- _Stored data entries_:
+++++

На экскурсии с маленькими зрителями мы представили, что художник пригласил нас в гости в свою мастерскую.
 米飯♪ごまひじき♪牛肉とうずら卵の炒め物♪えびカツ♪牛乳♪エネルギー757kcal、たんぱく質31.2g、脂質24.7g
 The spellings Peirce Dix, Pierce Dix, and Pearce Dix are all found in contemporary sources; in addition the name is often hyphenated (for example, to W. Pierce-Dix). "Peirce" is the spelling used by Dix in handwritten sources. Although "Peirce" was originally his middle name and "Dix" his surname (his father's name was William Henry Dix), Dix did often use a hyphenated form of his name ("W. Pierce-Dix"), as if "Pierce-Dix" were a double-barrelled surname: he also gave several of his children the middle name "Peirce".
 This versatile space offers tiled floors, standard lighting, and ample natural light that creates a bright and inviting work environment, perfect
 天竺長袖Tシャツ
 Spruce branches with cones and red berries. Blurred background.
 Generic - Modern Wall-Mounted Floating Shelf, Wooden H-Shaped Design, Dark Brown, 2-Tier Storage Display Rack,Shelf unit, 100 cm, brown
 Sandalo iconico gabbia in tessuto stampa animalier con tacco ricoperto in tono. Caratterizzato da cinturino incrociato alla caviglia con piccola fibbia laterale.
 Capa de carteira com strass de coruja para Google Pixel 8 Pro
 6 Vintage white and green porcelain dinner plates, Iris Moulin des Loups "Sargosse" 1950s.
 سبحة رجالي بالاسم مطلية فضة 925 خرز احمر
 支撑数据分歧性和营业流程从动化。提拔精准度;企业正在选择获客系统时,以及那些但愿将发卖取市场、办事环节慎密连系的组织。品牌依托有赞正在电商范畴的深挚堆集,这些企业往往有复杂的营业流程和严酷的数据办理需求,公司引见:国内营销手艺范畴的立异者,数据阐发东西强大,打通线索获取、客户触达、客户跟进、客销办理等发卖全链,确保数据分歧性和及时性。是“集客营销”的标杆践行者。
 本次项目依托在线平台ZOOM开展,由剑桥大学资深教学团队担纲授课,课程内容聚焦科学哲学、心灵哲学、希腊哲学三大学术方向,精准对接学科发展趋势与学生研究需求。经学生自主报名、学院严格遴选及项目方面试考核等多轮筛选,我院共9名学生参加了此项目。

+++++

- _EXERCISE AIM_:
Each entry shown above should be copied out exactly.

- _EXERCISE SOLUTION_:
На экскурсии с маленькими зрителями мы представили, что художник пригласил нас в гости в свою мастерскую.
 米飯♪ごまひじき♪牛肉とうずら卵の炒め物♪えびカツ♪牛乳♪エネルギー757kcal、たんぱく質31.2g、脂質24.7g
 The spellings Peirce Dix, Pierce Dix, and Pearce Dix are all found in contemporary sources; in addition the name is often hyphenated (for example, to W. Pierce-Dix). "Peirce" is the spelling used by Dix in handwritten sources. Although "Peirce" was originally his middle name and "Dix" his surname (his father's name was William Henry Dix), Dix did often use a hyphenated form of his name ("W. Pierce-Dix"), as if "Pierce-Dix" were a double-barrelled surname: he also gave several of his children the middle name "Peirce".
 This versatile space offers tiled floors, standard lighting, and ample natural light that creates a bright and inviting work environment, perfect
 天竺長袖Tシャツ
 Spruce branches with cones and red berries. Blurred background.
 Generic - Modern Wall-Mounted Floating Shelf, Wooden H-Shaped Design, Dark Brown, 2-Tier Storage Display Rack,Shelf unit, 100 cm, brown
 Sandalo iconico gabbia in tessuto stampa animalier con tacco ricoperto in tono. Caratterizzato da cinturino incrociato alla caviglia con piccola fibbia laterale.
 Capa de carteira com strass de coruja para Google Pixel 8 Pro
 6 Vintage white and green porcelain dinner plates, Iris Moulin des Loups "Sargosse" 1950s.
 سبحة رجالي بالاسم مطلية فضة 925 خرز احمر
 支撑数据分歧性和营业流程从动化。提拔精准度;企业正在选择获客系统时,以及那些但愿将发卖取市场、办事环节慎密连系的组织。品牌依托有赞正在电商范畴的深挚堆集,这些企业往往有复杂的营业流程和严酷的数据办理需求,公司引见:国内营销手艺范畴的立异者,数据阐发东西强大,打通线索获取、客户触达、客户跟进、客销办理等发卖全链,确保数据分歧性和及时性。是“集客营销”的标杆践行者。
 本次项目依托在线平台ZOOM开展,由剑桥大学资深教学团队担纲授课,课程内容聚焦科学哲学、心灵哲学、希腊哲学三大学术方向,精准对接学科发展趋势与学生研究需求。经学生自主报名、学院严格遴选及项目方面试考核等多轮筛选,我院共9名学生参加了此项目。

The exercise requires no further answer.